Am Einsatzort besser helfen als Gaffen

Von Wilfried Roggendorf


Bei diesem Großbrand eines Pferdehofes Ende Juli 2018 in Wettrup versperrten die Fahrzeuge von Gaffern die Zufahrtswege für den dringend benötigten Nachschub von Löschwasser. Foto: Hermann BojerBei diesem Großbrand eines Pferdehofes Ende Juli 2018 in Wettrup versperrten die Fahrzeuge von Gaffern die Zufahrtswege für den dringend benötigten Nachschub von Löschwasser. Foto: Hermann Bojer

Lingen. Statt zu gaffen, sollten diejenigen, die unbedingt wissen wollen, wie es an Brandherden und Unfallstellen wirklich aussieht, sich lieber selbst bei Feuerwehr oder Rettungsdiensten ehrenamtlich engagieren, meint unser Kommentator.

Der Mensch ist von Natur aus neugierig – und dies ist grundsätzlich auch gut so. Doch dann, wenn die Neugier sich paart mit Rücksichtslosigkeit und mangelndem Respekt, wird sie gefährlich.

Genau dies ist bei Gaffern der Fall. Wer Einsatzkräfte von Feuerwehren, Rettungsdiensten und Polizei zur Befriedigung seiner niederen Instinkte bei ihrer Arbeit behindert, gefährdet oftmals Leib und Leben, Hab und Gut seiner Mitmenschen. Ein solches Verhalten darf nicht toleriert werden und gehört bestraft.

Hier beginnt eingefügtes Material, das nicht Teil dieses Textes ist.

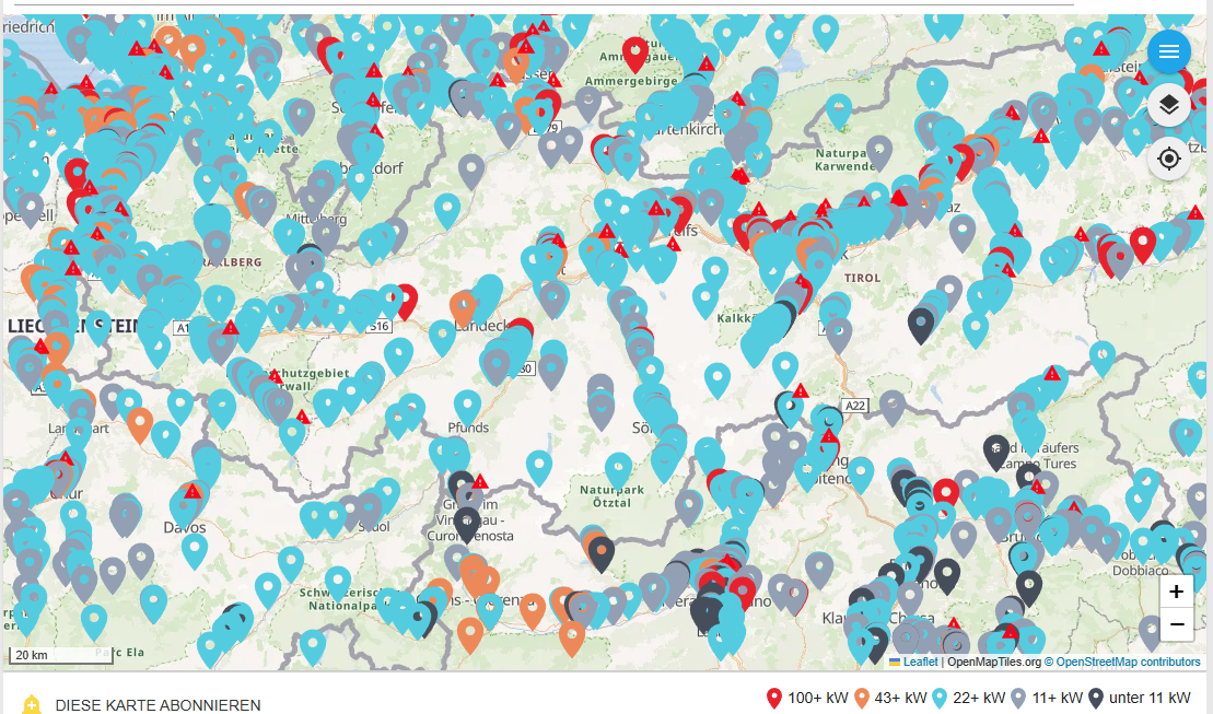 Hier, rund um Innsbruck zwischen Bayern und Italien. Wo soll man da mit CCS liegenbleiben bitteschön?! Und zur Vollständigkeit für die Zeros die Ladepunkte mit Typ 2:

Und auch, wer glaubt, die Menschheit exklusiv vom Einsatzort per sozialen Netzwerken mit aktuellen Infos beglücken zu müssen – oft, ohne beispielsweise die Persönlichkeitsrechte von Opfern zu beachten –, liegt daneben. Dafür gibt es Medien, die nach journalistischen Grundsätzen und unter Beachtung des Pressekodex berichten und Hintergrundinfos liefern.

Wer unbedingt wissen möchte, wie es an einem Brandherd oder einer Unfallstelle aussieht, hat dazu eine bessere Möglichkeit, als zu gaffen: freiwilliges Mitglied der Feuerwehr oder des Rettungsdienstes werden und selbst helfen.